== YOUR TASK ==
Transcribe nothing except the lines below that run from the one with "Efficient Interior Storage: Stay" to the one with "雞用船式燙毛脫毛一體機,這是", ends included, and do not copy any picture.

== DATA FOR ANALYSIS ==
== Segment start ==
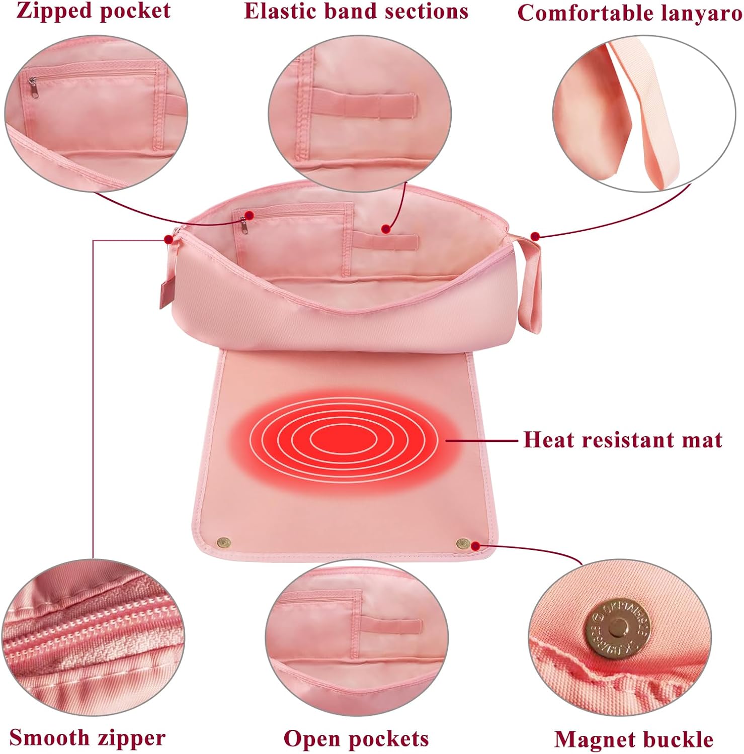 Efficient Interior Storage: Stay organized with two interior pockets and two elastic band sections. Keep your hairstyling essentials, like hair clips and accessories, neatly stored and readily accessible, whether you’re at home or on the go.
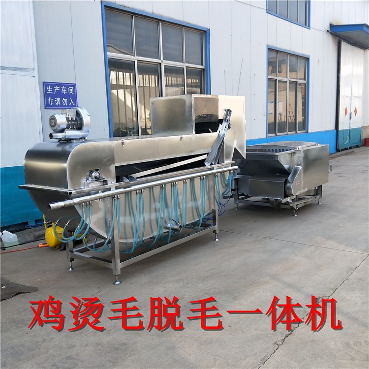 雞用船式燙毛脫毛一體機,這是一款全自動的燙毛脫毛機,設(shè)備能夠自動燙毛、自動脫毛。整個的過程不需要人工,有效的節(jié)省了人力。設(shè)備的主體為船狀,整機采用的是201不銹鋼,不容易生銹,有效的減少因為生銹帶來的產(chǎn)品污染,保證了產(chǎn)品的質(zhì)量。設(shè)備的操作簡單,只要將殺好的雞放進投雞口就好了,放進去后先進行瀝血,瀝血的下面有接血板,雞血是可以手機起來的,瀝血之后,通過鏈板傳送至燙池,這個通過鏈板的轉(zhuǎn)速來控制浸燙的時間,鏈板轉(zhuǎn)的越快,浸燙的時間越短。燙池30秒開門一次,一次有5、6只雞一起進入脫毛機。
== Segment end ==
== Segment start ==
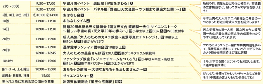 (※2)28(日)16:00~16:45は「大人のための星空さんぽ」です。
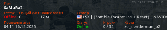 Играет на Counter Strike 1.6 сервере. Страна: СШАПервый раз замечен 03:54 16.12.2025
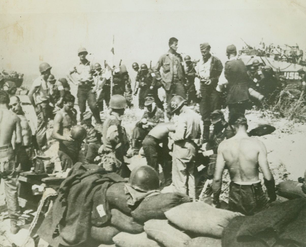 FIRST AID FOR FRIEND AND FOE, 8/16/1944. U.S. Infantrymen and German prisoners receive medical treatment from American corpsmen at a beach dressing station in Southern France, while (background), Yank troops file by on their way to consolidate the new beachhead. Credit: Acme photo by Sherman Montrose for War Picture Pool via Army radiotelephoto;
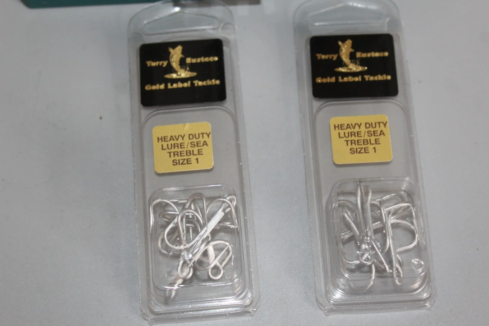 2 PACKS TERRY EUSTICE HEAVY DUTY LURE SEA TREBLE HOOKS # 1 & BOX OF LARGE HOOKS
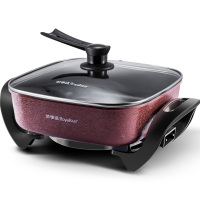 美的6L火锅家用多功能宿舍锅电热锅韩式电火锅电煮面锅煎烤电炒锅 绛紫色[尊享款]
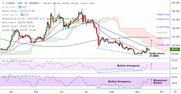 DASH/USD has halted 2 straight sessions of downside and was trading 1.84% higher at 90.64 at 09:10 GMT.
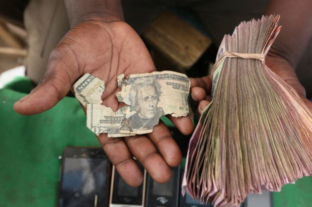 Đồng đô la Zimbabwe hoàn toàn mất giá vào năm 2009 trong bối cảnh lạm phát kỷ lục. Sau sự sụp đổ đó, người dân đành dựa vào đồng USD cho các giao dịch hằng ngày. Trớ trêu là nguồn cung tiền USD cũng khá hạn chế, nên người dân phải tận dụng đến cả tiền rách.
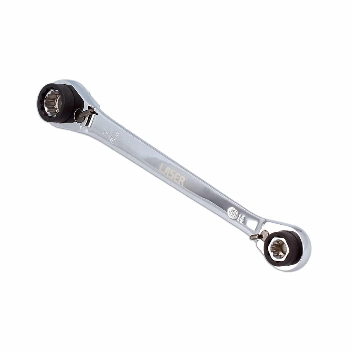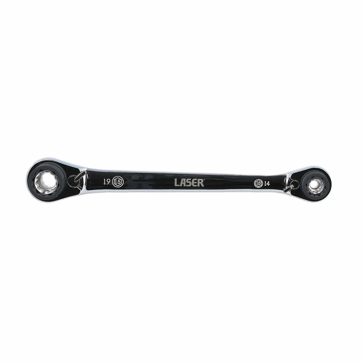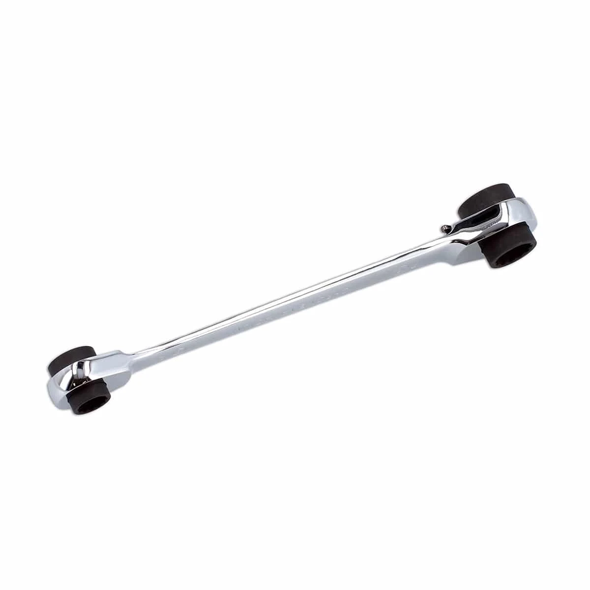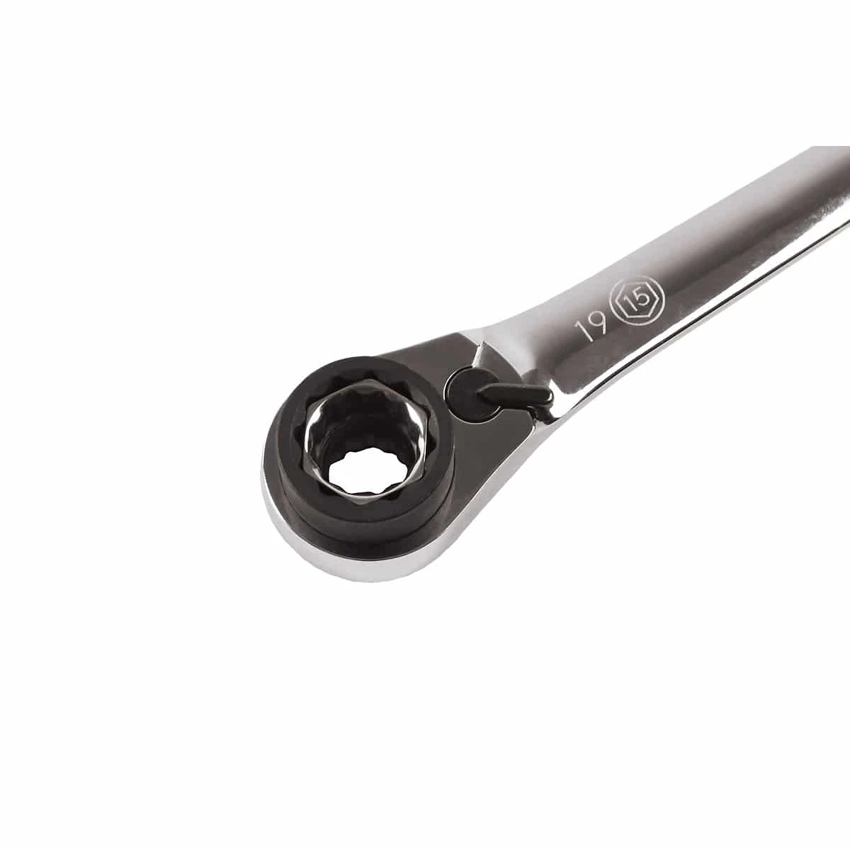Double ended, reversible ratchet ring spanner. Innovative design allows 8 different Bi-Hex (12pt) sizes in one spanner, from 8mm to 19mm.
== Segment end ==
== Segment start ==
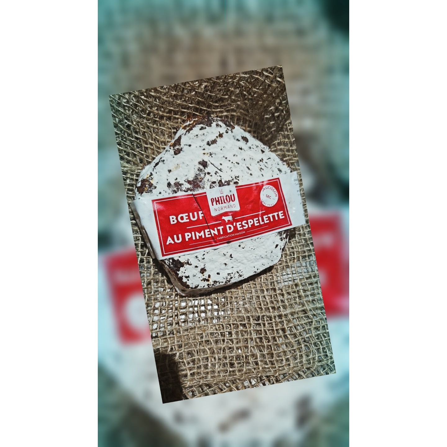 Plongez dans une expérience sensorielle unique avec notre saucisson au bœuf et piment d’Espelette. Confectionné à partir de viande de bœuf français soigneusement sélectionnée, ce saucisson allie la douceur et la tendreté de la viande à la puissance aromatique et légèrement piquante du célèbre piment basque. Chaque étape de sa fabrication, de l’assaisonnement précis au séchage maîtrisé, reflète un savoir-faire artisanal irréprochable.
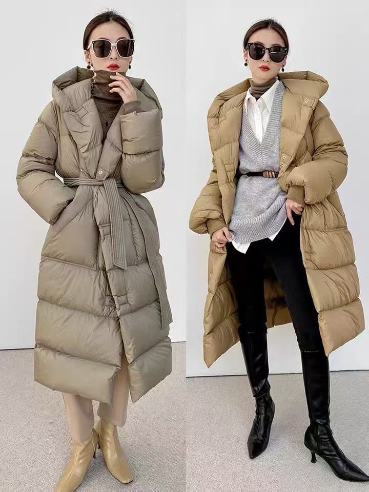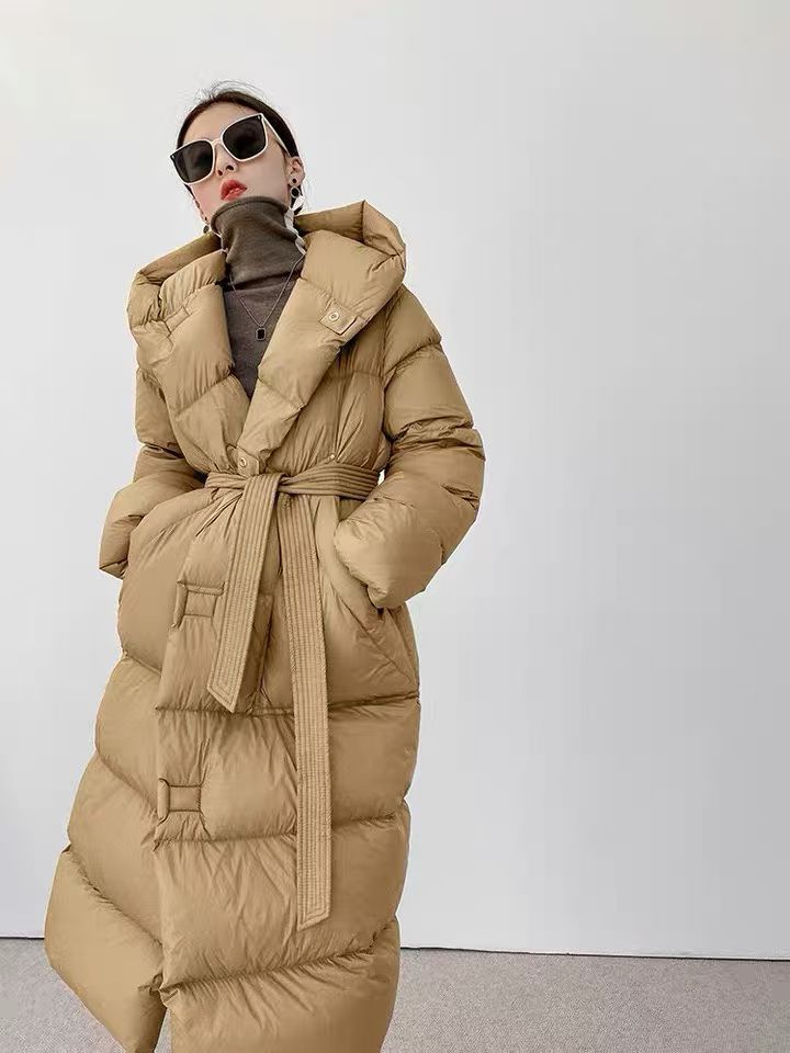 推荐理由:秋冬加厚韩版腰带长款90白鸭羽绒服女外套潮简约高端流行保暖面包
== Segment end ==
== EXPECTED OUTPUT ==
 Efficient Interior Storage: Stay organized with two interior pockets and two elastic band sections. Keep your hairstyling essentials, like hair clips and accessories, neatly stored and readily accessible, whether you’re at home or on the go.
 雞用船式燙毛脫毛一體機,這是一款全自動的燙毛脫毛機,設(shè)備能夠自動燙毛、自動脫毛。整個的過程不需要人工,有效的節(jié)省了人力。設(shè)備的主體為船狀,整機采用的是201不銹鋼,不容易生銹,有效的減少因為生銹帶來的產(chǎn)品污染,保證了產(chǎn)品的質(zhì)量。設(shè)備的操作簡單,只要將殺好的雞放進投雞口就好了,放進去后先進行瀝血,瀝血的下面有接血板,雞血是可以手機起來的,瀝血之后,通過鏈板傳送至燙池,這個通過鏈板的轉(zhuǎn)速來控制浸燙的時間,鏈板轉(zhuǎn)的越快,浸燙的時間越短。燙池30秒開門一次,一次有5、6只雞一起進入脫毛機。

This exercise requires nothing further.